Predicting when LLMs fail

An overview of different paradigms to do so and connections with related areas

Intro

Large Language Models (LLMs) are ML systems. As for any ML system, we may want to predict whether they will fail or succeed on specific task instances (e.g., a specific question from a QA dataset).

There are several interrelated paradigms to do so, differing in whether they are specific to a model or not and whether they rely on the model’s outputs or internals. The aim of this post is to frame how these different approaches relate to one another. Therefore, I overview below three main paradigms, and point towards closely related research fields that tackle different questions.

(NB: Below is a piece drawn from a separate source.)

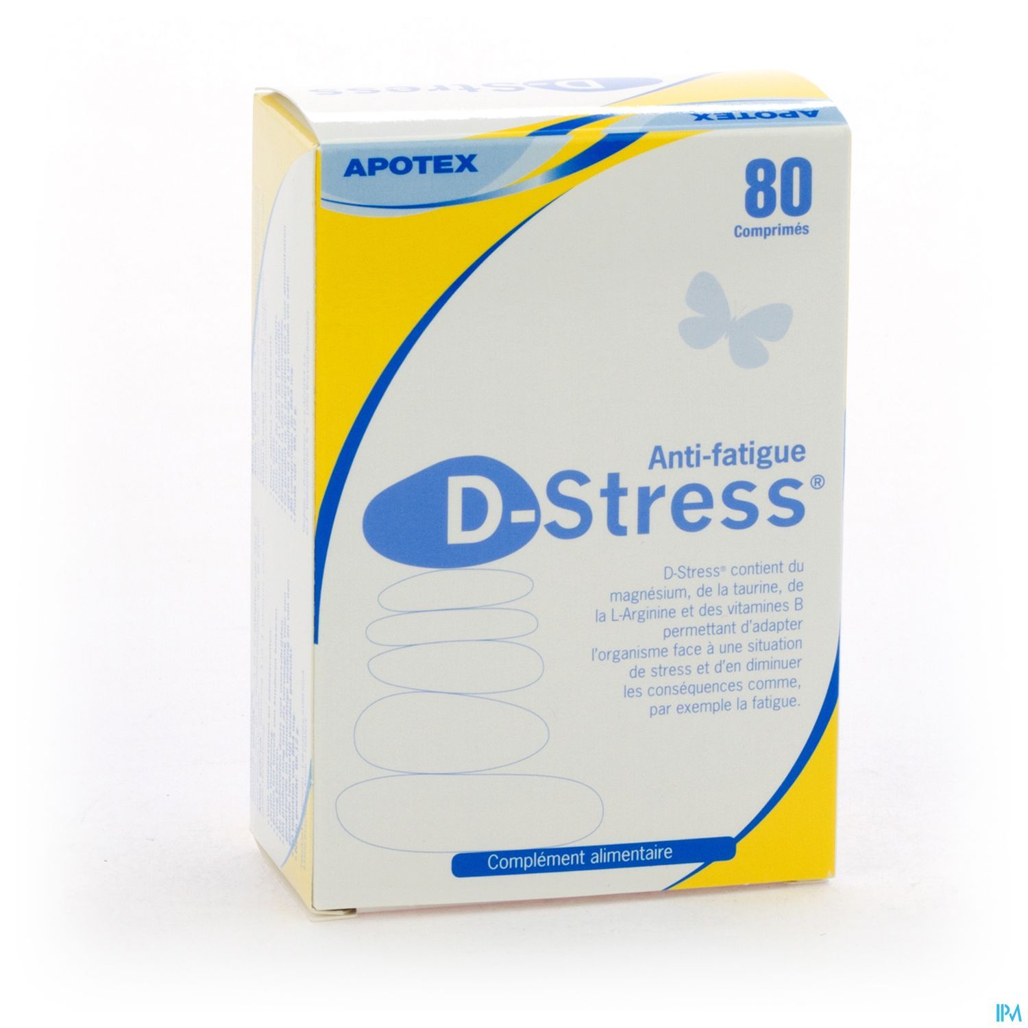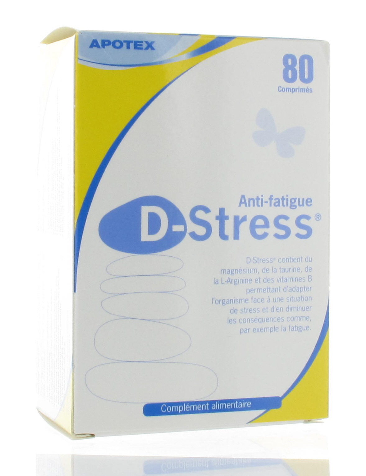 D Stress des laboratoires Apotex contient du magnésium, de la taurine, de la L-Arginine et des vitamines B permettant d'adapter l'organisme face à une situation de stress et d'en diminuer les conséquences comme, par exemple la fatigue.

Disclaimer: I do not claim this overview to cover all existing research strands related to predicting LLM failures or to comprehensively capture all works in each of the considered ones. I welcome any feedback.

TL;DR: in brief, I identified three paradigms that can predict where LLMs fail. The third one is likely very hard to apply to LLMs in practice. The table below summarises their properties:

whether additional training is required
whether the learned approach is model-specific
whether the input must be passed through the model to predict whether the latter will fail or not

CATEGORY	TRAINING	MODEL-SPECIFIC	PASSING INPUT THROUGH THE MODEL
Intrinsic UQ	In some cases (eg whitebox methods)	Yes	Yes
Assessor	Yes	Yes (they can be trained to work for a set of models, based on model features alongside instance features)	No
Model-agnostic rejector	Yes, but once per data distribution	No	No

Paradigms to predict where LLMs fail

Intrinsic uncertainty quantification

Uncertainty quantification (UQ) has been extensively researched in “traditional” deep learning. It involves a suite of techniques aimed at extracting an uncertainty quantification from a trained model (such as reporting the logits of a trained multi-class classifier network) or training those models to embed a form of uncertainty (such as Bayesian Neural Networks, or BNNs). Most methods falling under the term “uncertainty quantification” in the traditional deep learning literature involve producing an output with the model and accompanying it with an uncertainty estimate obtained in some way.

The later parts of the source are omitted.